New SC abortion law remains on hold under judge order

COLOMBIA, SC (AP) – A new South Carolina law banning abortion will be on hold following a judge’s order on Friday to extend a temporary restraining order.

The extension of U.S. District Judge Mary Geiger Lewis runs until March 19. Its original order, issued last month, was set to expire at midnight on Friday. On Monday, Lewis is due to chair a hearing on Planned Parenthood’s request for an injunction suspending the law altogether while a lawsuit seeking to overthrow it is resolved.

Lewis initially suspended the South Carolina Fetal Heartbeat and Abortion Protection Act ”On its second day in effect, following a Planned Parenthood lawsuit. The measure requires doctors to perform ultrasound to check the fetus for a heartbeat, which can usually be detected about six weeks after conception. If detected, abortion can only be performed if the pregnancy was caused by rape or incest or if the mother is in danger.

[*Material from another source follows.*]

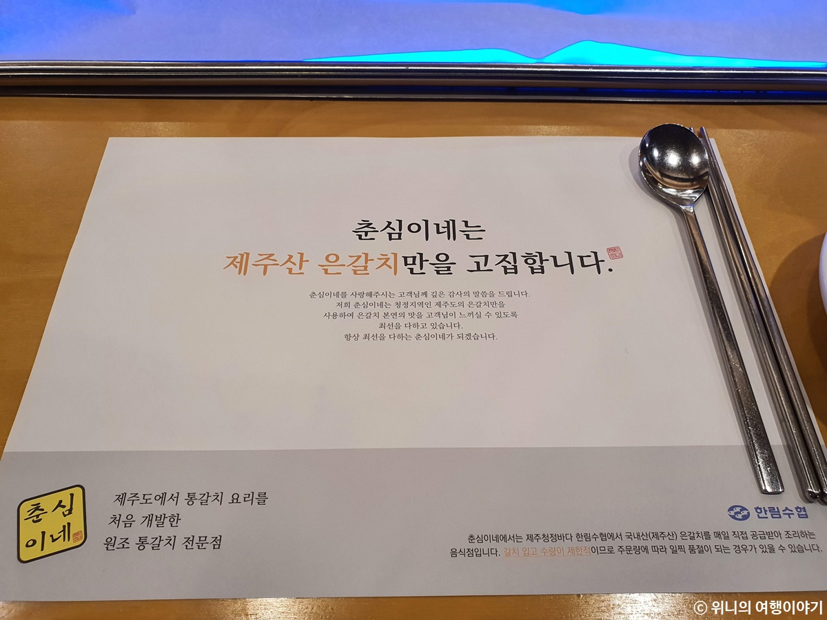 '춘심이네는 제주산 은갈치만을 고집합니다.'

About a dozen other states have approved similar or more restrictive abortion bans, which could come into effect if the U.S. Supreme Court – with three judges appointed by former Republican President Donald Trump – ousted Roe v. Wade, the 1973 court ruling that supported abortion rights. Federal law replaces state law.

Opponents of the state ban have argued that many women are unaware that they are pregnant at six weeks, especially if they are not trying to conceive. And, they argue, with such an early deadline, the law gives women little time to consider whether to have an abortion.

Planned Parenthood said the initial restraining order was needed in South Carolina in part because more than 75 women were due to have abortions in the state during the next three days, and most of them would have been banned under the new law.

At Monday’s hearing, state attorneys are expected to argue that the law should go into effect while the lawsuit is in progress. Earlier this week, two of those attorneys – South Carolina Attorney General Alan Wilson and Walt Wilkins, the two county prosecutor at Conservative Upstate – wrote on court papers that an earlier US Supreme Court decision upholding a partial birth abortion ban “suggests that a preliminary injunction should be denied here”.

South Carolina Governor Henry McMaster signed the bill less than an hour after state lawmakers sent him. McMaster, who asked to intervene in the suit, also sought to lift the restraining order, arguing in court documents that the suit is inappropriate in part because Planned Parenthood opened it before he signed the measure into law.

Planned Parenthood has indicated that they plan to oppose McMaster’s request to participate in the case, according to the governor’s lawyers.

The new law does not punish a pregnant woman for having an illegal abortion, but the person performing the procedure can be charged with a crime, sentenced to up to two years and a $ 10,000 fine if found guilty.

South Carolina has three clinics that offer abortion in its largest metropolitan areas – Charleston, Columbia and Greenville – and none of them perform abortions after the first trimester. Two of them have abortions only twice a week, according to Planned Parenthood.